Once you get it all running and tested, you can remove the 'try-catch'
structure.

 

[BobR]

Thinking aloud - so to speak - this is reasonable.

This should probably be...
matr permute(const vect& A)
...indicating that you won't change A, and don't actually need to
create a copy of all the data in A: just having some kind of reference
to the input data is sufficient.


So you're populating A with { 1, 2, 3 }... fine.


Again, B should be lower case. Something like "result" or "permuted"
would be a better name.

Don't you think that a for loop using 'j' amd post-incrementing 'i' is a
little funny?
An error below is a blessing, else it's an infinite loop.

{
cout<<"iz";
b.push_back(A);b.push_back(A[j]);

The first time through this will push_back 1, 1.

But, 'j' is ALWAYS zero.

 

[tony_in_da_uk]

HOW can it be 'fine'. You just told him/her to pass by **const** ref.
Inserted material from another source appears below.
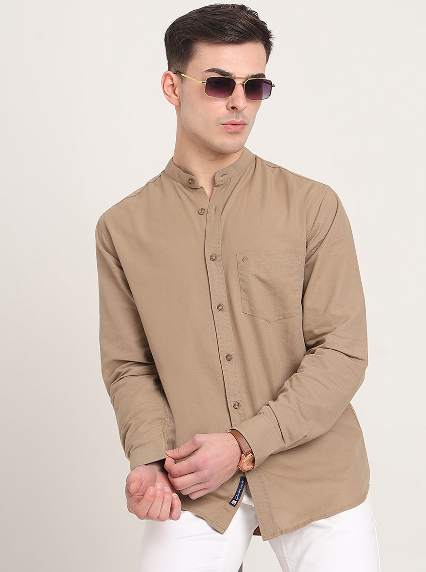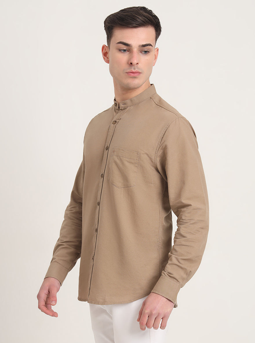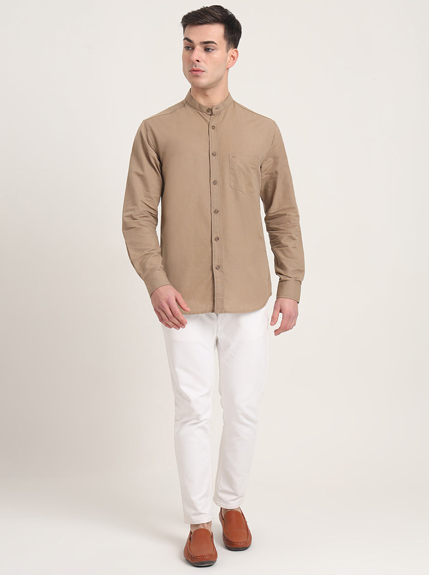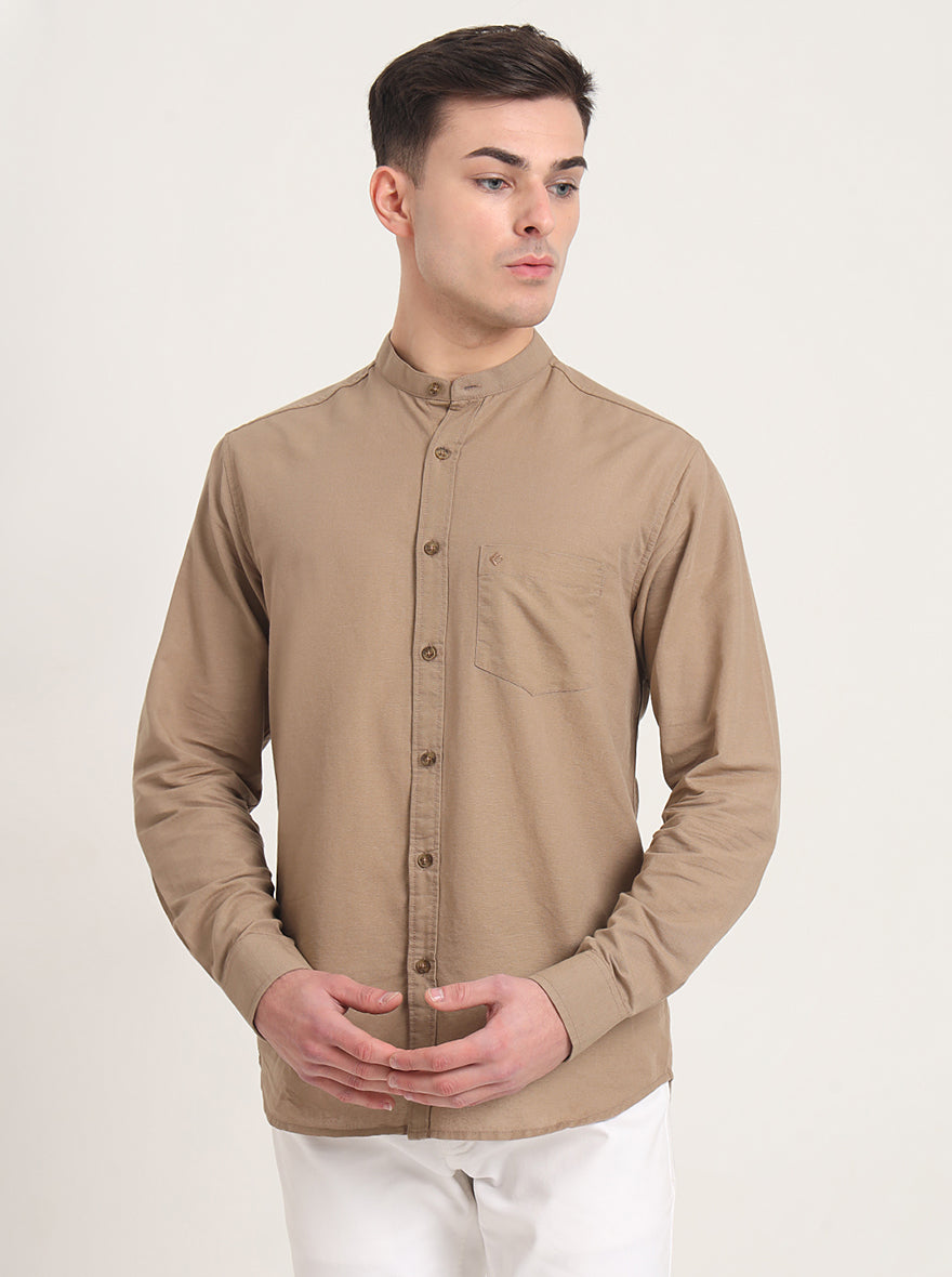 Khaki Solid Slim Fit Casual Shirt | Greenfibre

- in general, "class" inputs to functions should be const-ref

- in this example, the OP probably isn't really using "A" as a
function argument (though he's not explicitly clearing it before using
push_back on it either), which suggests it should be a local variable

- when I say fine, I'm simply acknowledging that actual behaviour of
the original code is vaguely comprehensible

Don't you think that a for loop using 'j' amd post-incrementing 'i' is a
little funny?
An error below is a blessing, else it's an infinite loop.

Yes - well spotted.

But, 'j' is ALWAYS zero.

As you say, that appears to be a typo.

 

[BobR]

- in general, "class" inputs to functions should be const-ref

First, I hope you did notice that I put a big-grin(<G>) on that line.

I would probably have filled vector 'A' in main (or another function), then
passed it to 'permute' as const ref.. So, I agree with you there.
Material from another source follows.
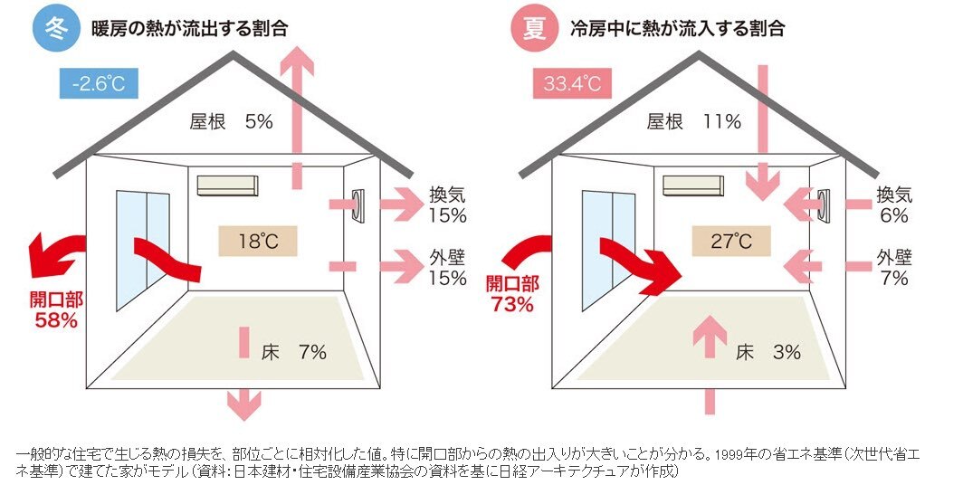 家の寒さ・暑さの最大の原因は、窓(サッシ)と外壁にあります。

- in this example, the OP probably isn't really using "A" as a
function argument (though he's not explicitly clearing it before using
push_back on it either), which suggests it should be a local variable

If the above (const ref) isn't used, yep. It looks like the OP just wanted
some data to experiment with multi-array (vector of vectors). Probably
copy-pasted the second for(), but forgot to change the 'i' to 'j' ( they
look alike in some editors, so, I usually use 'x,y,z' for index vars
(hang-over from 3D graphics.:-})).

- when I say fine, I'm simply acknowledging that actual behaviour of
the original code is vaguely comprehensible

Yes - well spotted.

I thought that some of these young whipper-snappers with better eye-sight
would have spotted it, but the OPs formatting was not the best it could be.
:-}
Actually, I didn't spot it until I had removed all but the couts, and got
locked in a infinite loop.

 

[Default User]

BobR wrote:

file://b.push_back( A ); file://b.push_back( A[j]

Reason #245 never to use Outlook Express.




Brian

 

[bejiz]

file://b.push_back( A ); file://b.push_back( A[j]
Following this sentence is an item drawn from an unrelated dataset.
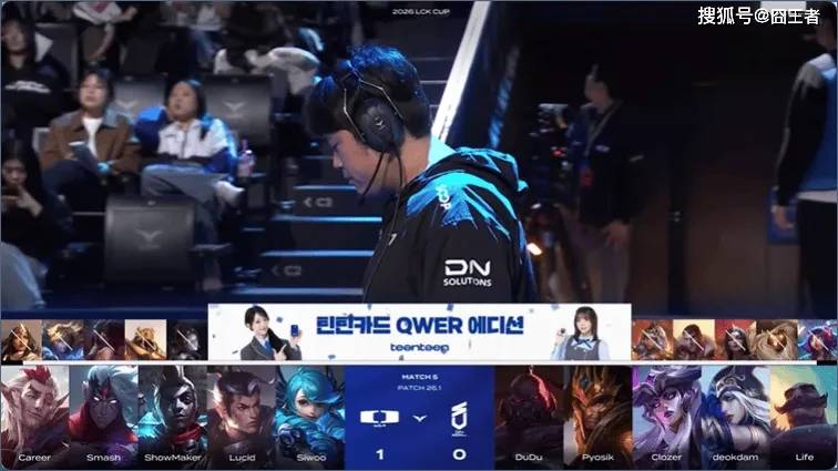第一局比赛,DK蓝色方,禁用:沙皇、发条、妮蔻、韦鲁斯、烬,选用:Swioo奎桑提、Lucid狼母、ShowMaker瑞兹、Smash芸阿娜、Career露露;DNS红色方,禁用:奇亚娜、杰斯、蛇女、皇子、泰坦,选用:Dudu兰博、Pyosik猴子、Clozer岩雀、deokdam飞机、Life娜美

Reason #245 never to use Outlook Express.

Brian

Thanks all of you for your answers. I'll take care of the
indentation in the future.
It was because I didn't store the result of the function permute
that I couldn't print any result. The "i" in the "j" loop is a simple
typo, of course it didn't risk to work like that.
I rarely use the exception and try catch but it is an occasion to
relearn this. In this case, the debugger didn't spot any particular
problem but just complained about a subscript out of range.